Geography
- Location: Budapest, Hungary
- Coordinates: 47°29′47″N 19°01′19″E﻿ / ﻿47.496342°N 19.022021°E

Organisation
- Type: Specialist

Services
- Specialty: Spinal cord injury

History
- Opened: 1995

Links
- Website: nepegeszsegugyi-egyesulet.hu/en/national-center-spinal-disorders-buda-health-center
- Lists: Hospitals in Hungary

= National Center for Spinal Disorders =

The National Center for Spinal Disorders is a hospital on Királyhágó Street in the 12th District of Budapest, Hungary, financed by the National Health Insurance Fund.

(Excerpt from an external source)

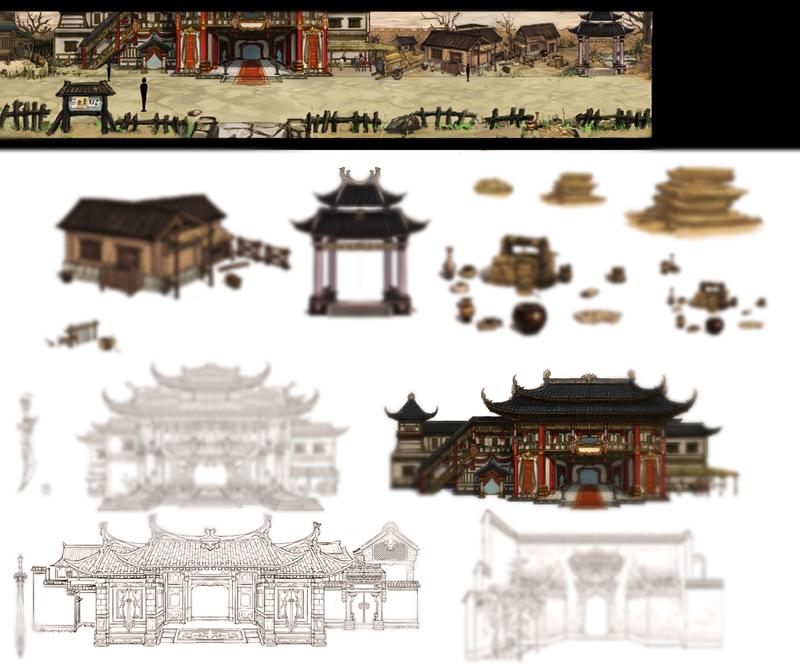 但是,从这些场景原画中,可以明显看出此“中国风”网游所蕴含的特殊性——不符合常规的场景结构,带着典型的横版特征,难道这是一款以中国武侠为题材的横版游戏么?果真如此的话,这将使其在欧系、日系充斥的横版市场独树一帜。下面,让我们通过这些场景原画,对《战魂》的“中国风”创作元素进行一些猜想。

The National Center for Spinal Disorders hosts the yearly Bologna-Budapest International Spine Conference.

==History==
The National Center for Spinal Disorders was part of the Orthopedic Clinic Department of Spine Surgery and Rehabilitation of the Semmelweis University of Budapest until 1995, when it was incorporated first into the Central Army Hospital and then into the Hungarian National Health Center. It became independent in 2005, under the direction of Peter Paul Varga with charter members. It is operated by the Buda Health Center.

==Facilities==
The Radiology Department of the National Center for Spinal Disorders has direct digital (ddR) x-ray equipment. The CT/MRI laboratory also contains fast 4-slice CT equipment. The psychosomatic clinic was established in 2010 by Noemi Csaszar and Emoke Bagdy.